Vision Transformers (ViT): How Transformers Conquered Computer Vision (+ Complete Code Provided)
The Revolutionary Architecture That Treats Images Like Language
The Paradigm Shift in Computer Vision
For decades, Convolutional Neural Networks (CNNs) dominated computer vision. AlexNet, VGGNet, ResNet—these architectures defined how machines see. Then, in 2020, a Google Research paper asked a simple question: What if we treated images exactly like text?
The result was the Vision Transformer (ViT), and it changed everything.

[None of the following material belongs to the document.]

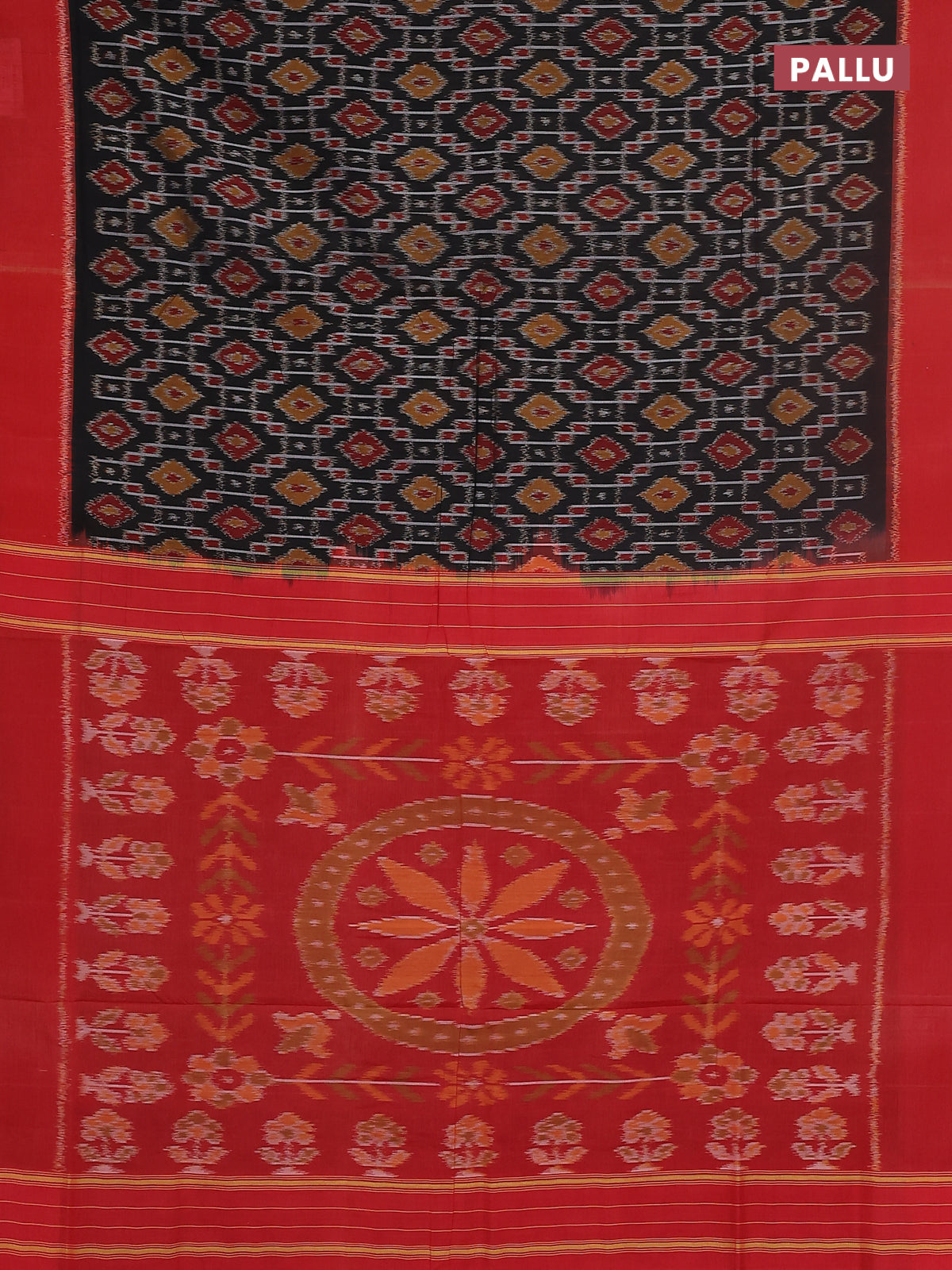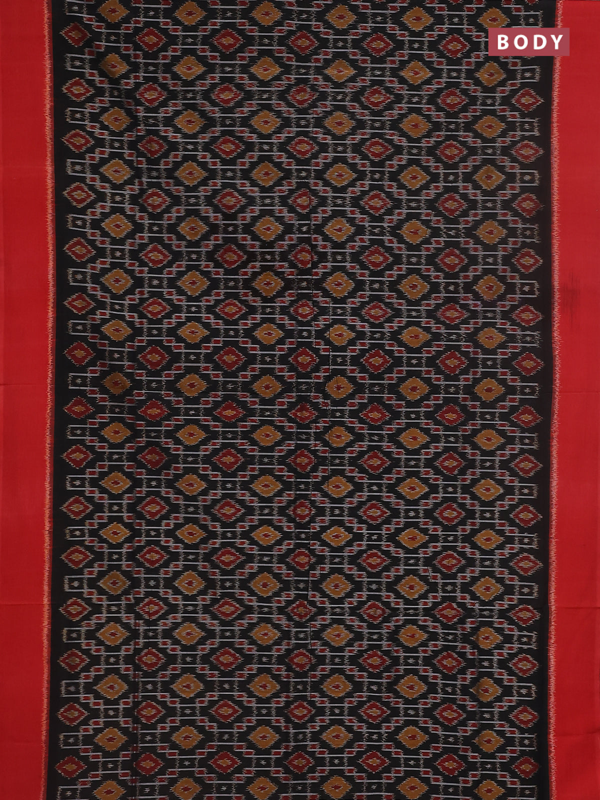 Ikat cotton saree black and red with allover ikat weaves and simple border

ViT demonstrated that the same attention mechanism powering GPT and BERT could achieve state-of-the-art results on image classification—without a single convolution. This wasn’t just an incremental improvement; it was a unification of natural language processing and computer vision under one architectural paradigm.
In this guide, you’ll understand:
Why transformers work for images (the key insight)
The ViT architecture explained step-by-step
Patch embeddings — turning pixels into tokens
Positional encoding for 2D images
How ViT compares to CNNs (and when to use each)
The ViT family — DeiT, Swin, BEiT and beyond
Let’s see how transformers learned to see.
Part 1: The Key Insight — Images as Sequences
The Problem with Processing Images
An image is fundamentally different from text:
Processing every pixel with attention would be computationally impossible. For a 224×224 image, that’s 50,176 pixels. Self-attention has O(n²) complexity, meaning we’d need to compute over 2.5 billion attention weights per layer.
The Solution: Patch-Based Tokenization
The ViT team’s insight was elegant: don’t process pixels—process patches.
Instead of treating each pixel as a token, divide the image into fixed-size patches (typically 16×16 pixels). A 224×224 image becomes just 196 patches—a manageable sequence length identical to a medium-length text document.
This simple transformation converts computer vision into a sequence modeling problem—exactly what transformers excel at.
Part 2: The ViT Architecture — Step by Step
The Vision Transformer processes images through three distinct stages:
Stage 1: Patch Embedding
The first step converts raw pixels into a sequence of embedded tokens.
Step 1a: Split into Patches
The image is divided into non-overlapping patches of size P×P (typically 16×16):
Input image: H × W × C (e.g., 224 × 224 × 3)
Number of patches: N = (H × W) / P² = (224 × 224) / 256 = 196
Each patch: P × P × C = 16 × 16 × 3 = 768 values
Step 1b: Flatten and Project
Each patch is flattened into a vector and linearly projected to the model dimension D:
Flattened patch: 768 values
After projection: D-dimensional embedding (typically 768)
Projection matrix: Learnable parameters
Step 1c: Add [CLS] Token
A special classification token is prepended to the sequence:
[CLS] token: Learnable D-dimensional vector
Final sequence length: N + 1 = 197 tokens
The [CLS] token aggregates image-level information for classification
Stage 2: Positional Encoding
Unlike CNNs, transformers have no built-in notion of position. Without positional information, the model can’t distinguish between a patch in the top-left corner versus the bottom-right.